## EXTRACTED DATA
════════

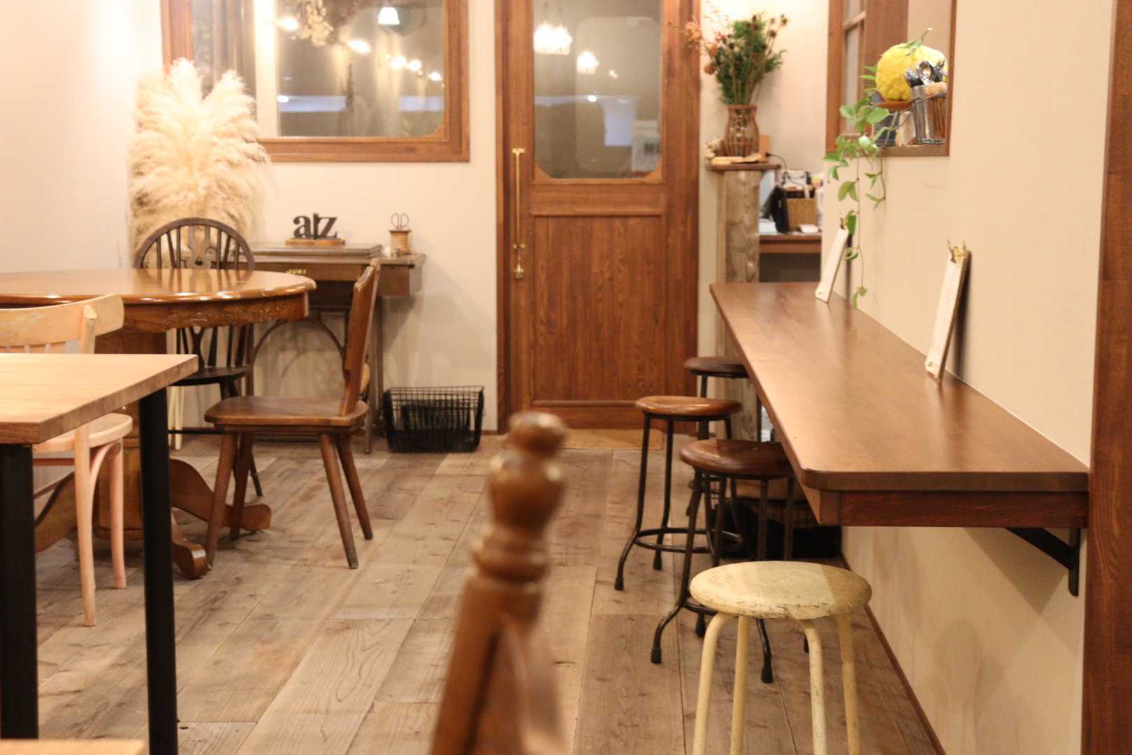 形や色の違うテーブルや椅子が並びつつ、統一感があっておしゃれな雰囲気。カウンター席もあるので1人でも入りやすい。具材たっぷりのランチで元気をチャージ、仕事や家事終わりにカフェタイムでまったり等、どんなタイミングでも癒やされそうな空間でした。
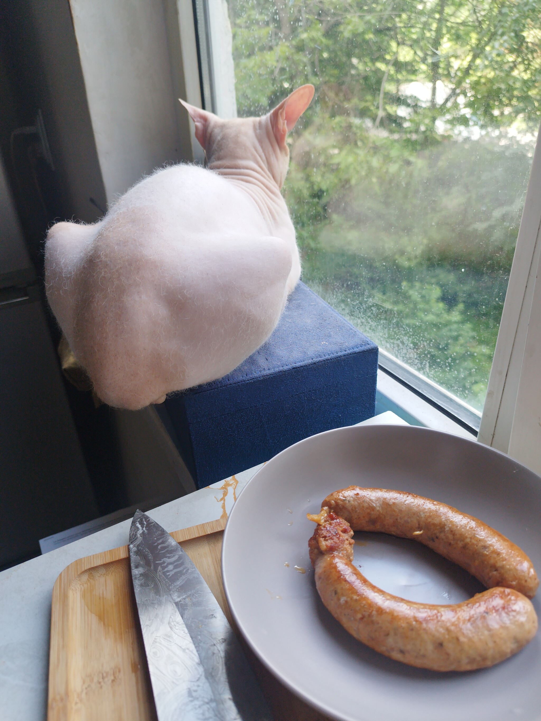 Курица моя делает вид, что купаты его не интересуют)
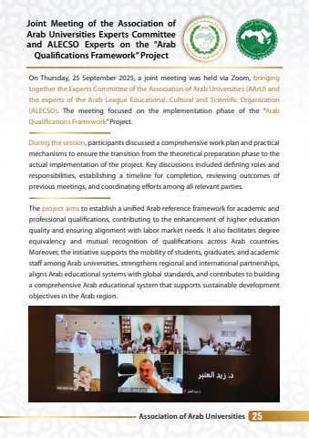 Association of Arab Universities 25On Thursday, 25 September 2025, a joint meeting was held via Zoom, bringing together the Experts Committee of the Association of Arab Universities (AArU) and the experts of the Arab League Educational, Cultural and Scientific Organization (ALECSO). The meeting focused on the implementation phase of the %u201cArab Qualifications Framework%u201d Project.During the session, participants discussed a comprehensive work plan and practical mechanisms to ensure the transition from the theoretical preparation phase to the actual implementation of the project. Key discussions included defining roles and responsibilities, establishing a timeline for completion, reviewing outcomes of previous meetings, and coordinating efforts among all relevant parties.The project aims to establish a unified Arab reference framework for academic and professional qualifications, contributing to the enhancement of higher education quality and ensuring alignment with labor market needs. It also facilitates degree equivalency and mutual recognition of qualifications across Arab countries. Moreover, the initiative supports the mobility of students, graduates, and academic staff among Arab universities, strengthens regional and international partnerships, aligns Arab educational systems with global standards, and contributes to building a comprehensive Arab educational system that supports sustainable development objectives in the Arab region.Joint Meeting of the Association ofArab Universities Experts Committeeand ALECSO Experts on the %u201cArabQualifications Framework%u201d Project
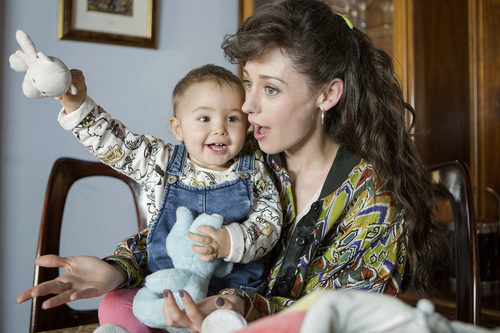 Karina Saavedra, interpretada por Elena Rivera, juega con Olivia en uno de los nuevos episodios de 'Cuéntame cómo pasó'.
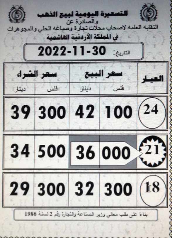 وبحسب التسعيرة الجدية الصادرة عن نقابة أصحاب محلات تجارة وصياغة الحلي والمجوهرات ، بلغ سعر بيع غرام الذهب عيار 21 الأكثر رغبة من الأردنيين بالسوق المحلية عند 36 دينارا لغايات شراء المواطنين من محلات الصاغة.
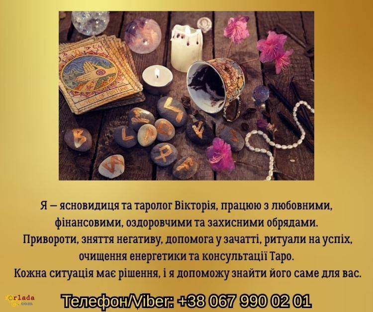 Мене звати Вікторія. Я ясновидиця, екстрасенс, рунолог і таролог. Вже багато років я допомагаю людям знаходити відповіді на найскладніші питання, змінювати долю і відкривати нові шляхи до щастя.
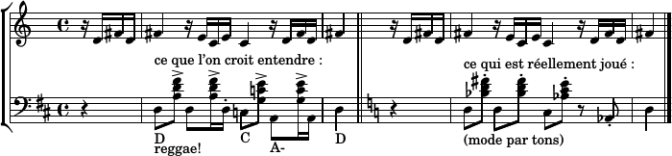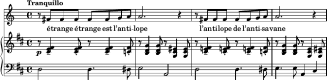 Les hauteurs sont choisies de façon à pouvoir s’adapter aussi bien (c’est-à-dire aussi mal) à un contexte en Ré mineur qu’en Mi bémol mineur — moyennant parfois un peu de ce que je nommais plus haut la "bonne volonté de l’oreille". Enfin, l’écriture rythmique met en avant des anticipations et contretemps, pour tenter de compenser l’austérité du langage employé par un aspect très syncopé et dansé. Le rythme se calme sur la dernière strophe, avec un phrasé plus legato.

════════

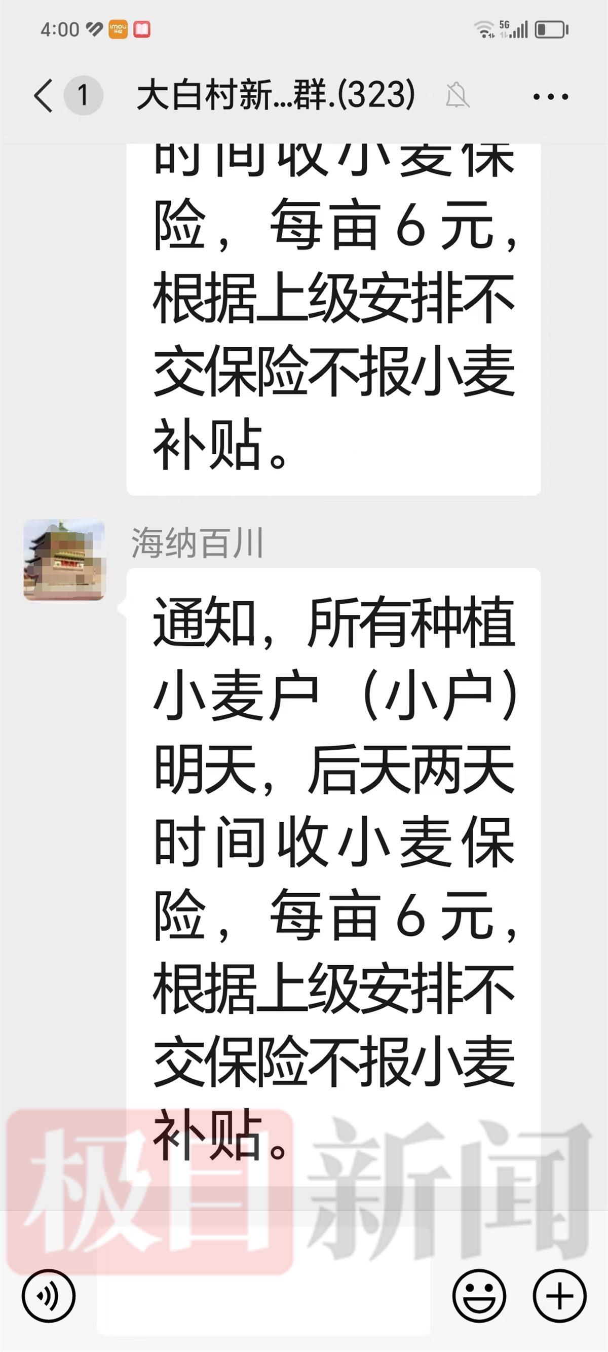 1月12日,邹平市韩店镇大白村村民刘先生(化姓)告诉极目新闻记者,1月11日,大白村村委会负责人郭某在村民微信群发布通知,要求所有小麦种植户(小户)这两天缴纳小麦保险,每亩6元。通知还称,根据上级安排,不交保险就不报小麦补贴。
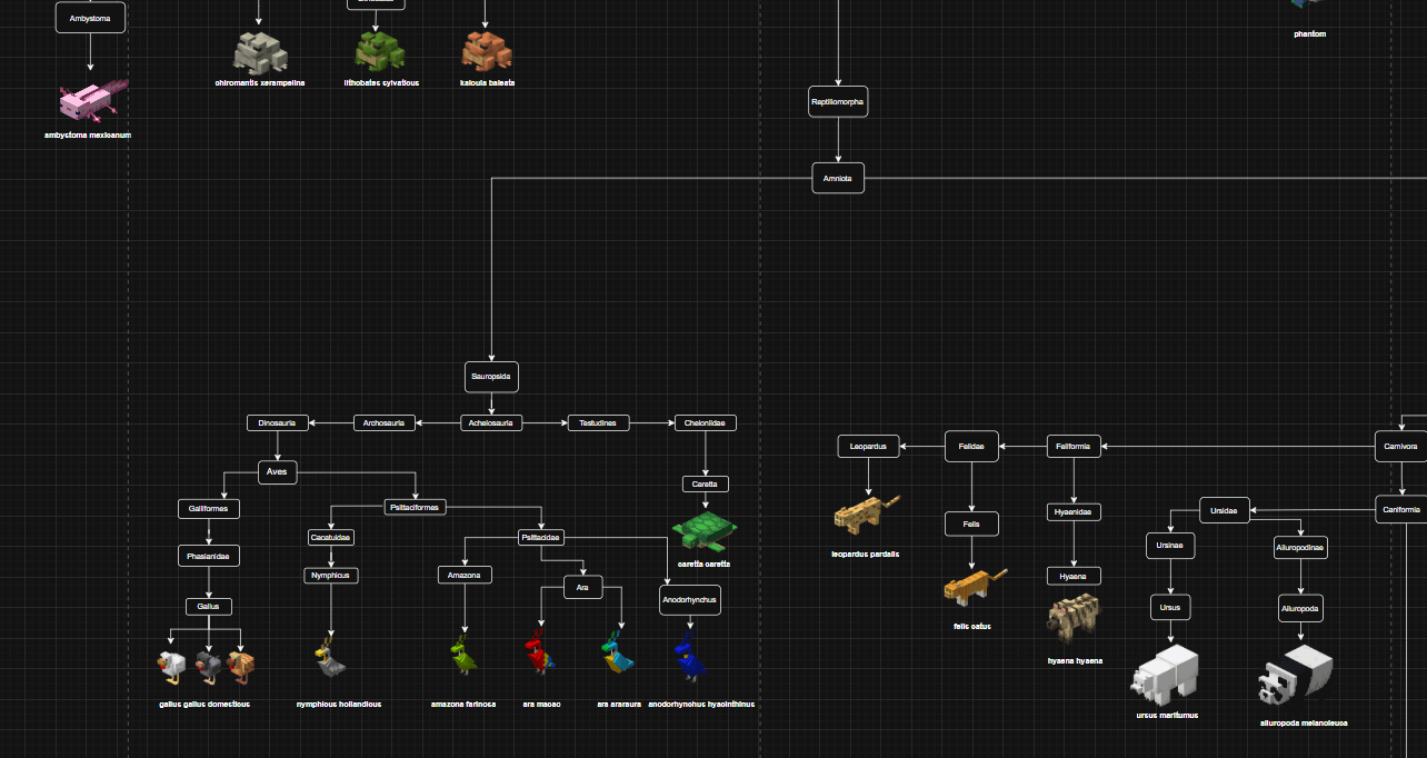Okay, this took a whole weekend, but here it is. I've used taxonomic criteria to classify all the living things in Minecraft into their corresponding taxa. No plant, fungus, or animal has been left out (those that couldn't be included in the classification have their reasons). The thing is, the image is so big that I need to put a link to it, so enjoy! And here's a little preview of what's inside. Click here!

════════

## WHAT TO DO
Your answer must be the exact lines from the records above, from the one containing "形や色の違うテーブルや椅子が" through the one containing "Курица моя делает", both included, with every picture left out.

## TASK ANSWER
 形や色の違うテーブルや椅子が並びつつ、統一感があっておしゃれな雰囲気。カウンター席もあるので1人でも入りやすい。具材たっぷりのランチで元気をチャージ、仕事や家事終わりにカフェタイムでまったり等、どんなタイミングでも癒やされそうな空間でした。
 Курица моя делает вид, что купаты его не интересуют)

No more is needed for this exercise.